We will also calculate the proportion of systematic reviews that report the method they used to calculate the absolute estimate. We will calculate the proportion of systematic reviews that discuss whether risk differences may vary across populations anywhere in the article. We will conduct two separate multivariable logistic regression analyses to examine the association with the pre-specified study characteristics and respectively these two features of risk difference calculation and interpretation.

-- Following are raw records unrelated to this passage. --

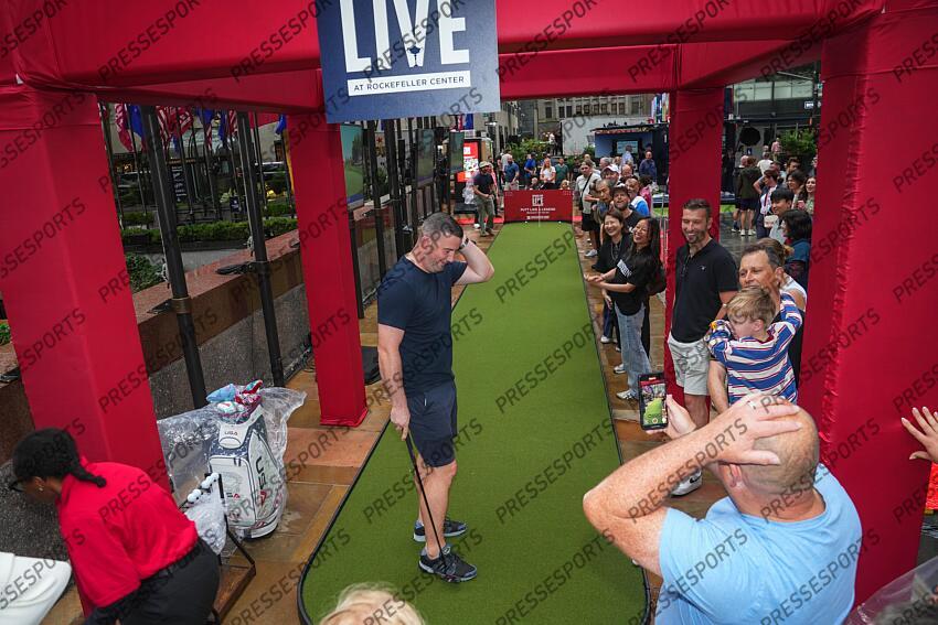 Sep 25, 2025; New York, New York, USA; A golfer reacts after nearly sinking a putt of 50 feet during a game at the Ryder Cup Live event at Rockefeller Center. Mandatory Credit: Lucas Boland-Imagn Images PGA: Ryder Cup Live
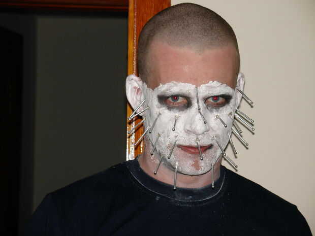 Así que es hora de fiesta! Lo primero es lo primero, mejor si afeitarse la cabeza, o al menos cortar su pelo muy corto. Con ayuda, ponerles la tapa calva y asegúrese de que su centrado y todos los pernos están sacando bastante recto. Utilizar látex líquido alrededor del borde para mantener en su lugar y para suavizar el borde para mezclas. Volver a pegar las patas que se cayeron o cayeron encima (a un lado del pin vino probablemente separado).
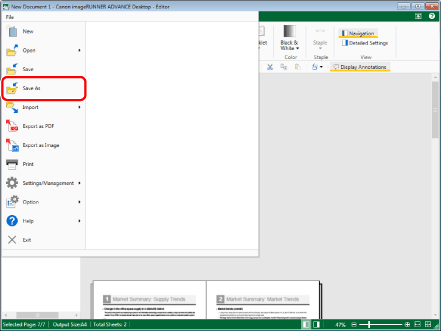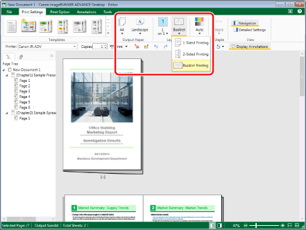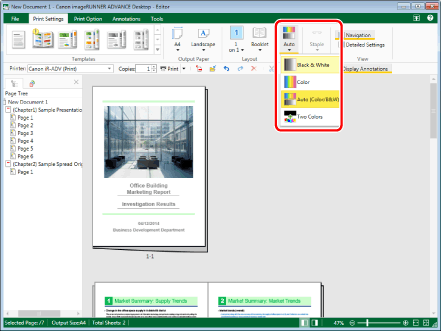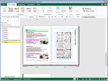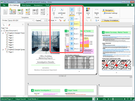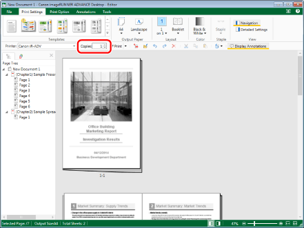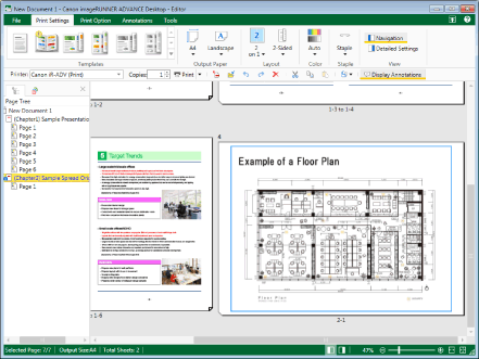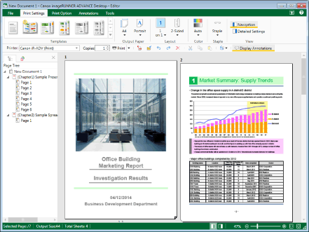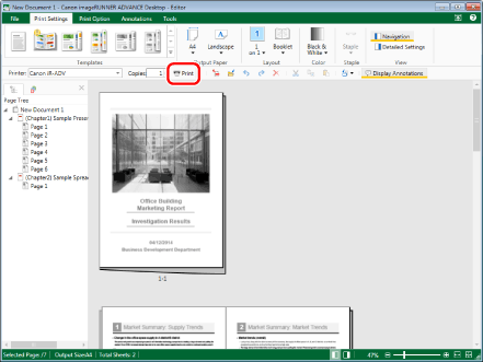 With Desktop, you can save specified print settings with a document or register them as a template. In addition, you can print a document after checking a print preview with the print settings applied, helping prevent misprints.
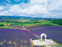 7月中旬~下旬のラベンダーの開花時期には、4.2haの丘陵地いっぱいが紫色に染まる。頂上の展望台からは、色あざやかなラベンダー畑はもちろん、十勝岳連峰の山並が眺められ、ロケーションは抜群。おすすめの撮影ポイントは、展望台前の「愛の鐘」。
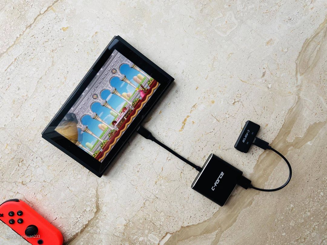 TV模式下,其实和前面便携屏的套路是类似的,不在需要蓝颜适配器,只要换一根标准HDMI线就好了,Switch买的时候会送的。
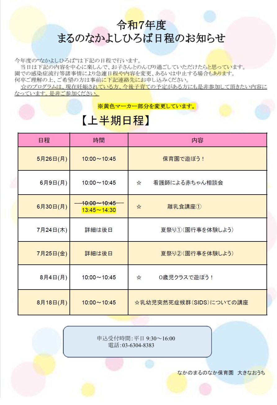 今年度の“なかよしひろば”は上半期の予定です。
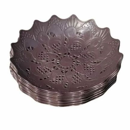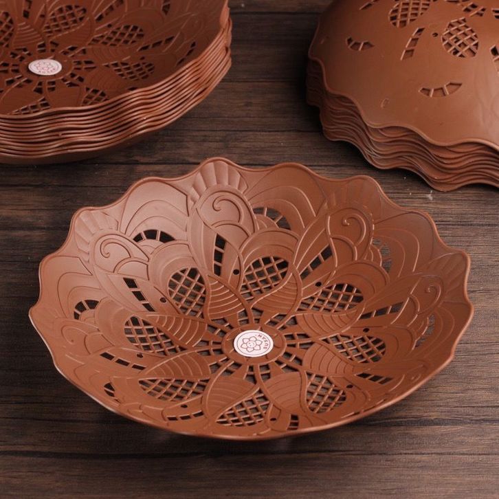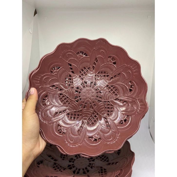 12 PCS Piring Rotan Plastik New Motif Bunga Untuk Buah
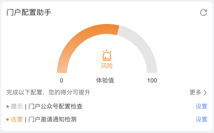 2.部分情况下,也可能会出现告警级的配置异常:此时表示门户有重要的配置项可以继续优化。
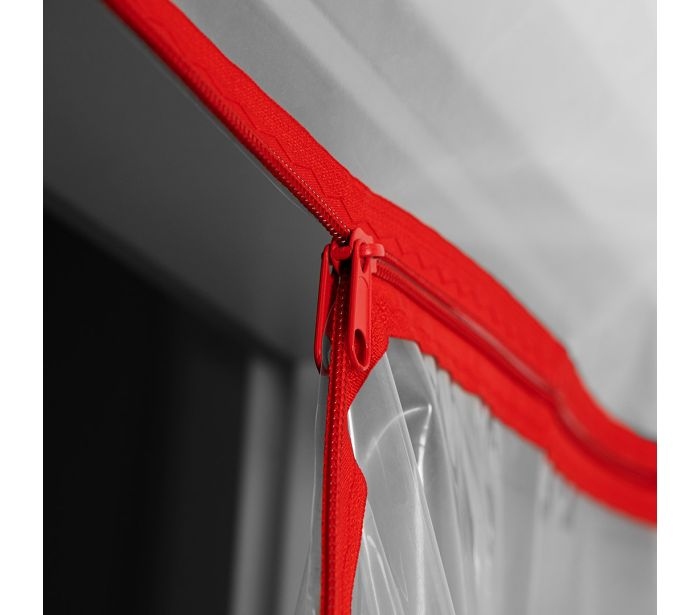 ⭐ Штора, пилозахисний чохол з L-замком PE 49-800 NEO є незамінним продуктом під час ремонту, захищаючи приміщення від пилу та пилу. Завіса призначена для ущільнення дверних прорізів. Оснащений двосторонньою клейкою стрічкою, його легко встановити. Його розміри 1230 х 2240 мм. Виготовляється з безбарвної прозорої поліетиленової плівки з більшою щільністю. Прорізна частина має форму перевернутої літери "L" зі зручною вшитою блискавкою.
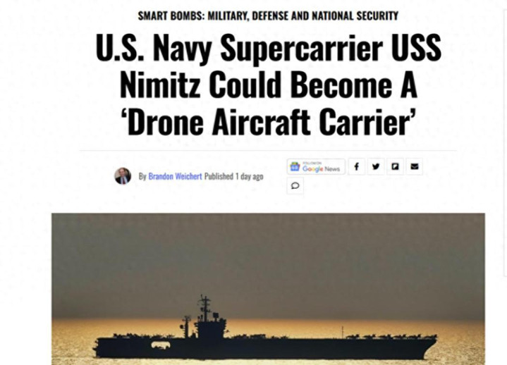 面对这艘从戎向上半个世纪、排水量达10万吨的巨无霸航母,好意思国1945网站最近抛出了一个斗胆的念念法:学学中国076型无东谈主机母舰,把“尼米兹”号改形成无东谈主机航母。这念念法靠谱吗?
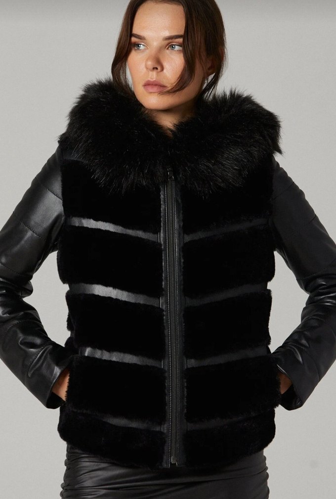 Derimpd,Siyah kapişonu Kürklü Deri Kadın Kışlık Ceket
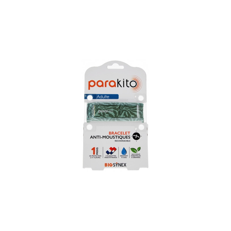 Parakito Bracelet Anti-Moustiques Rechargeable Adulte est un équipement biocide anti-moustiques aux huiles essentielles et géraniol.
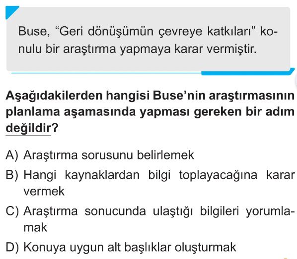 6. Sınıf Araştırma Süreci: Soru Oluşturma, Ölçütler, Planlama ve Anket Hazırlama Test 2
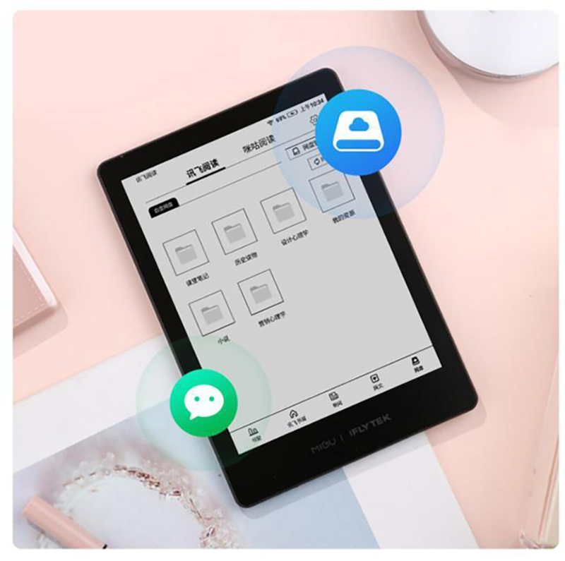 科大讯飞电子书阅读器R1支持微信公众号、网易、头条等新闻内容的收藏,支持百度网盘、OneDrive等网盘内容,支持导入PDF、EPUB、MOBI、TXT等常见电子格式文件。

In addition, we will calculate the proportion of systematic reviews that use, for the comparison of interest, relative measures for benefit outcomes and absolute measures for harm (‘mismatched framing’ henceforth). Treating the reporting of results with mismatched framing as the dependent variable, we will conduct multivariable logistic regression analyses to examine its association with the pre-specified study characteristics.
Our pre-specified study characteristics for the regression analyses are listed and ranked by importance. If there are sufficient events, we will include them all. Otherwise, we will include as many as possible according to our ten events-per-category rule (see section on sample size). The first two factors to be examined will be type of systematic review (Cochrane vs. not Cochrane) and use of GRADE. However if, as we will explain, there is excessive confounding, we will not include GRADE in the regression:
We hypothesize that systematic reviews are more likely to report absolute effects or report them appropriately if they: (i) are Cochrane reviews, (ii) use GRADE, (iii) are of better quality, (iv) achieve statistical significance for the most patient-important outcome, (v) do not receive funding from for-profit organizations or their authors have financial conflicts of interest, (vi) evaluate pharmacological interventions, (vii) are published in a high-impact journal (Journal of American Medical Association, New England Journal of Medicine, The Lancet, British Medical Journal, Annals of Internal Medicine and Public Library of Science Medicine).
Before the regressions, we will look at the proportion of Cochrane and not-Cochrane systematic reviews that include a GRADE approach. We suspect that GRADE might be reported seldom in non-Cochrane systematic reviews and relatively frequently in Cochrane systematic reviews. If this is the case, there will be excessive confounding between use of GRADE and Cochrane reviews and it will be inappropriate to include them in the same regression.
If this proves to be the case, we will use the following analytical approach. We will compare Cochrane systematic reviews with and without GRADE. If there is a significant difference, we will then compare Cochrane with GRADE vs. non-Cochrane and Cochrane without GRADE vs. non-Cochrane. The results of these analyses will determine whether we include Cochrane or GRADE or both in the complete regression.